Joe Raedle/Getty Images
“You started to see dominoes fall after that,” said George Goehl, the director of People’s Action, a coalition of progressive groups that says it represents an estimated 1 million people. The organization endorsed Sanders in December.
Also in December, the Center for Popular Democracy Action, another progressive coalition, backed Sanders. And then in January, the Sunrise Movement, a group of thousands of young climate activists, publicly backed Sanders.
They all pointed to the Vermont senator’s authenticity plus the unparalleled time and access he gave them. But, some of them also acknowledged a concern many Democrats have alluded to this cycle — electability.
“A lot of us believe Sen. Sanders is uniquely capable of winning and beating Trump,” said Goehl.
The battle to out-progressive Sanders
Warren fans often praised her trademark plans and her focus on policy. But, when it came to ideology, Sanders took those ideas further. Warren promised a two-cent wealth tax on people with a net worth over $50 million. Sanders upped her, and called for a 1% wealth tax on net worth above $32 million.
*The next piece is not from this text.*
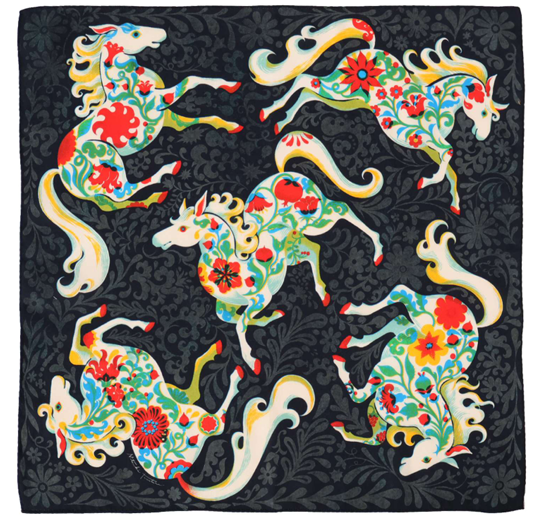 这款印有来年生肖马的图案的手帕时尚美观,可以当作手帕使用。

Warren promised affordable child care. Then, Sanders, promised free child care.
“All the candidates [had] progressive stances, but Bernie’s tend to go furthest,” said Evan Weber, political director and co-founder of the Sunrise Movement. And that was a distinction many progressives noticed.
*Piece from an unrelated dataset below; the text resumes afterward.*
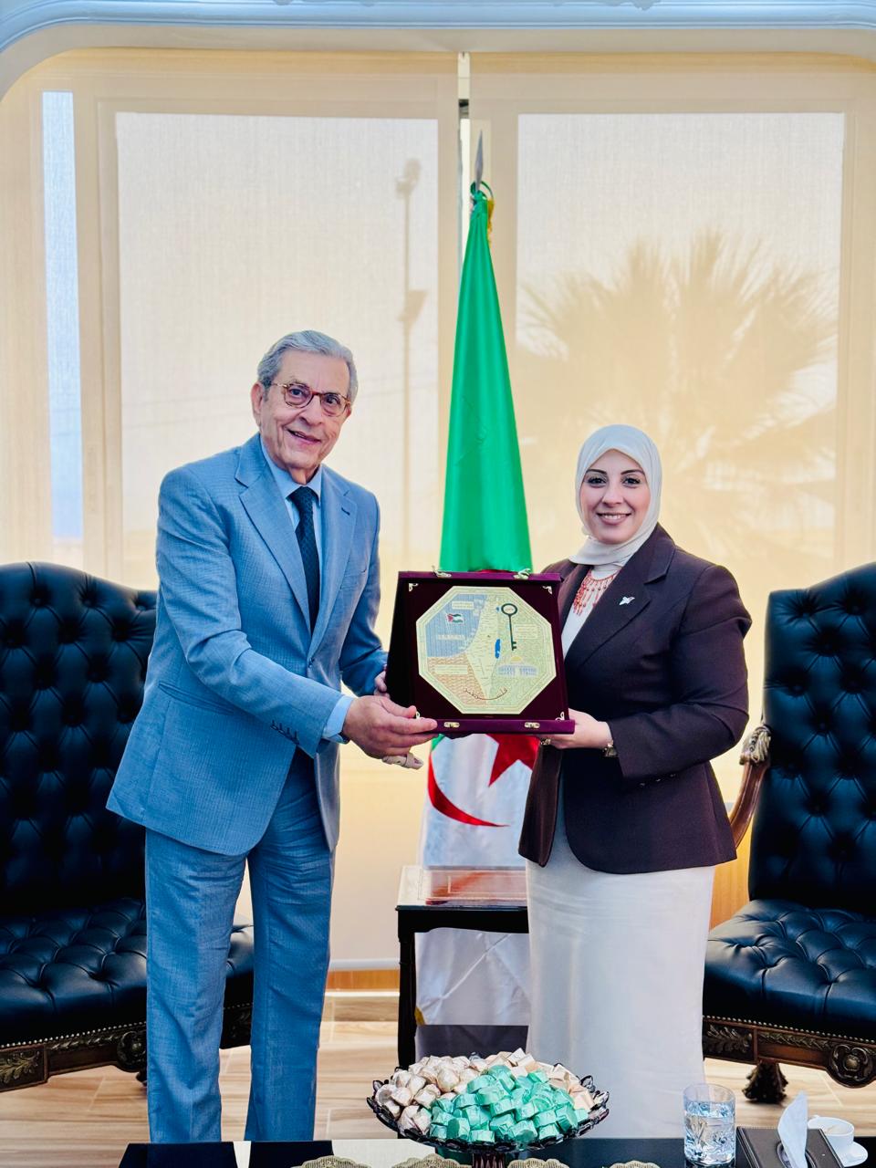 وفي لفتة تقديرية، قدّمت السيدة بهاني درعًا تكريميًا لسعادة السفير عربون احترام وتقدير. وقد أعرب سعادة السفير كمال بوشامة عن شكره وامتنانه لهذه المبادرة، مؤكدًا على ثبات الموقف الجزائري الداعم لحقوق الشعب الفلسطيني، وعلى أهمية الإعلام الحر في تعزيز الوعي بالقضايا العادلة ونقل الحقيقة بمهنية ومسؤولية.

October was a tough month for Warren. She was repeatedly questioned by journalists and her opponents over the details of how she would pay for Medicare for All without raising middle class taxes. On Nov. 1 she put out a plan, but the more details she offered, the more compromising she appeared to progressive purists.
“Her sort of distancing herself from Medicare for All and when she thought she would be able to get it done — really, you know, distanced her from our folks,” said Natalia Salgado, political director with the Center for Popular Democracy Action.
One progressive activist NPR spoke with for this story is backing Sanders but acknowledged that Warren’s two-step plan on Medicare for All was the more realistic way to achieve universal coverage. Still, he said, she shouldn’t have compromised at the outset, because Republicans would chip away at it further. Democrats, he insisted, needed to be bold and uncompromising.
But in addition to health care, there was another key issue for progressives — immigration. It has increasingly become a pillar of the their agenda, especially under Donald Trump’s administration.
“The sort of defining factors for us between Bernie and Warren was his stance on a moratorium for deportations,” Salgado said. (In November, Sanders released an immigration plan calling for a moratorium on deportations. Around the same time, Warren said she was “open” to a moratorium. In February, Sanders’ campaign manager suggested their moratorium would have some exceptions, but by then, Sanders was already benefiting from being seen as the furthest left on this issue).
The struggle for Warren was that she could never seem to out-progressive the man who had come to define the movement after 2016.